Она тогда же рассказала мне о планах издания сборника стихов, спрашивала, нравится ли мне название книги — «После России», я его очень одобрил, а затем советовалась насчет своих дальнейших публичных выступлений в Париже, главная трудность для нее всегда была, какие стихи выбрать. «Не для себя же читаешь вслух — для других, для себя — пишешь», — говорила она. Тогда же условились, что на одном из вечеров я скажу вступительное слово о ее творчестве (это и было сделано значительно позже). Я привез ей корректуру «Твоя смерть» — и мы сговорились о ее переводах писем Рильке (они были помещены в «Воле России» в начале 1929 года).
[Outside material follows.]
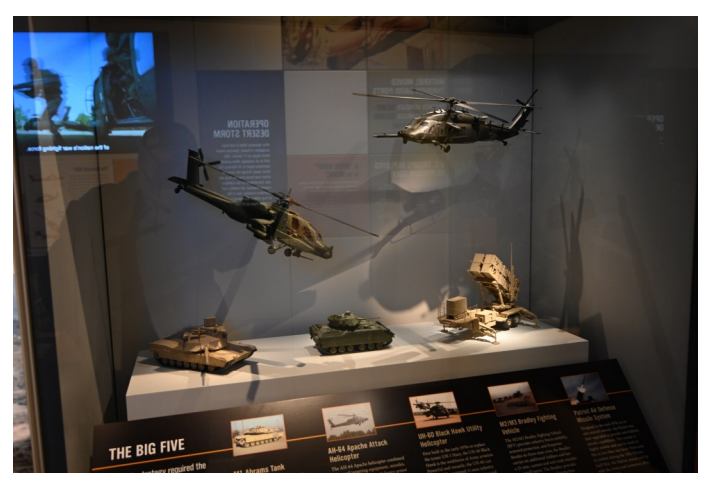
The big five Army weapons used in Desert Storm Operations; Abrams tank, AH-64 Apache attack helicopter, UH-80 Blackhawk helicopter, M23 Bradley fighting vehicle and the Patriot Air Defense system.

В том же 1927 году была памятная мне встреча с МИ в Париже, куда она приехала на целый день — «по делам», как она заметила со смехом, как бы подчеркивая нелепость такого сочетания — Марина и дела. Ей стало известно, что я отныне предполагал мое трехмесячное пребывание в Праге чередовать с тремя месяцами в Париже, и спросила, что побудило меня отказаться от постоянного жительства в Чехословакии. Я мог, конечно, ответить, что мы собирались перенести печатание журнала в Париж, приобрели для этого небольшую типографию, и все объяснить тоже делами. Но это был единственный раз, когда МИ поставила мне в упор вопрос, ответ на который — хотя бы частичный — был ей несомненно известен. Я пожал плечами. Она скороговоркой бросила: «Мне нужно знать не от чужих, а от вас лично». Тогда я рассказал ей — очень коротко, — что Лариса Бучковская, девушка, которую я полюбил, была прошлой осенью убита автомобилем председателя Совета Министров Чехословакии и полиция попыталась скрыть обстоятельства ее смерти от печати и близких. Из-за моего вмешательства дело это получило широкую огласку, включая вопрос в парламенте и доклад президенту Масарику. После всего этого мне захотелось переехать в Париж. В заключение я в свою очередь спросил МИ: «Но ведь вы все это знали, когда я приехал к вам под Новый год, разве вы не видели, в каком я был состоянии?» МИ помолчала, потом сказала: «Я была раздавлена смертью Рильке, а о ваших личных переживаниях не хотела говорить при Сергее Яковлевиче». На эту тему мы с ней никогда больше не беседовали.

__________

Некоторые советские критики охотно делят жизнь и творчество Цветаевой на три периода: московский, включающий формирование поэта и стихи юности и молодости, для многих самые понятные, а потому и наиболее приемлемые; отъезд за границу в 1922 году и тяжелая жизнь в эмиграции, усугубленная тоской по родине; и, наконец, возвращение в СССР в 1939 году, как бы увенчивающее ее внутреннюю и поэтическую эволюцию. Об одном они умалчивают: ее так хорошо приняли в Советском Союзе, где дочь отправили в концлагерь, мужа убили и напечатали только одно ее старое стихотворение, что она через два года повесилась. Но вообще вся эта схема выдуманная и лживая. На самом деле все было не так, а гораздо сложнее.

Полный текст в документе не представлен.